The specification on power consumption of a digital system is extremely important due to the growing relevance of the market of portable devices and must be taken into account since the early phases of a complex System-on-Chip design.

In this paper some guidelines are provided for the integration of the information on power consumption in the executable model of parameterized cores, with particular attention to the AMBA AHB bus. This will give important information for the analysis and choice between different design architectures driven by functional, timing and power constraints of the System-on-Chip.

# 1. Introduction

The increasing demand of complex mobile systems, which has been observed during the last years in the worldwide market, led the designers to take into account a new objective in the design of complex digital systems: the minimization of power consumption.

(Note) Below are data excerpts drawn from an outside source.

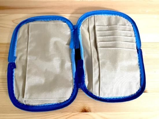 左側にじゃばらポケット×2、右側にカードポケット×4、小ポケット×1、大ポケット×2、真ん中にゴムのペンホルダーとポケットがいっぱい。
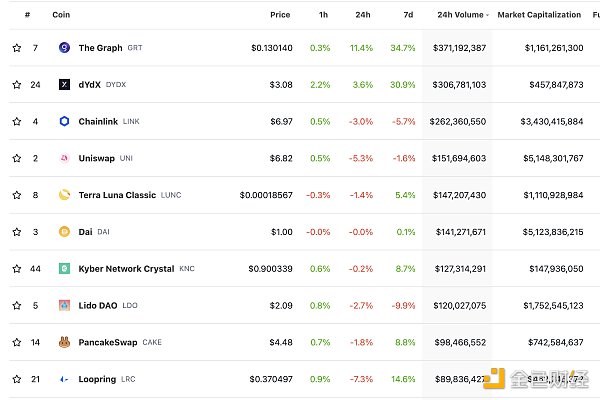 过去24小时去中心化交易所的交易量 数据来源:coingecko
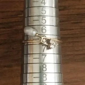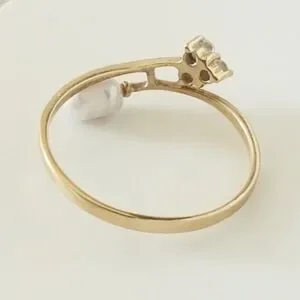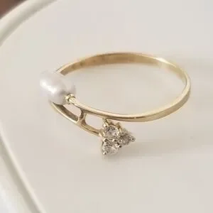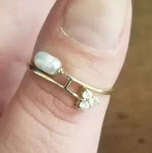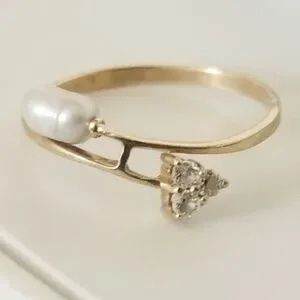 Vintage 10K Gold Rice Pearl & Cubic Zirconia Ring
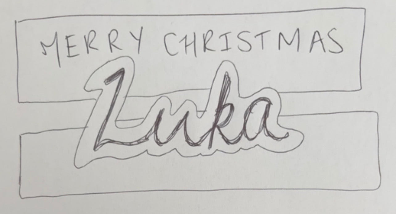 MERRY CHRISTMAS’ in the same font as the name in the photo below (capital letters, in white solids).
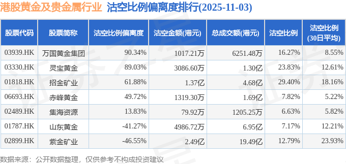 从沽空比例偏离度来看,万国黄金集团、灵宝黄金、招金矿业沽空比例偏离度位居行业前三,分别为90.34%、89.03%、61.88%。

The high diffusion of systems like laptop and palmtop computers, cellular telephones, wireless modems and portable videogames is one of the most important reasons that feed the need of a low-power design. These systems take the energy to work from a battery whose duration is a quality design parameter and so it can have a deep impact on the market success. Furthermore the cost and the weight of batteries directly contribute to the cost and weight of the final product. Therefore a company should consider low-power design as an investment to increase its market segment.

The need for a minimization of power consumption of a system is enforced also by some thermal considerations: a big portion of the energy requested by a device from the power supply is converted into heat. In this way heat dissipation systems and cooling techniques become necessary for the correct and safe operation of the device and for its reliability. It has been proven that an increase of 10 °C in the working temperature of an electronic device causes a 100% increase in the failure rate. If it is possible to decrease the power dissipation it is also possible to reduce costs for expensive cooling and complex packages.

Emerging policies that work for a low environmental impact of electronics systems also encourage low-power design. In the last years some companies activated interesting programs, like the Energy Star by the Environmental Protection Agency (EPA), to establish rules, in terms of energy and dissipated power, to determine if a product is energy-efficient.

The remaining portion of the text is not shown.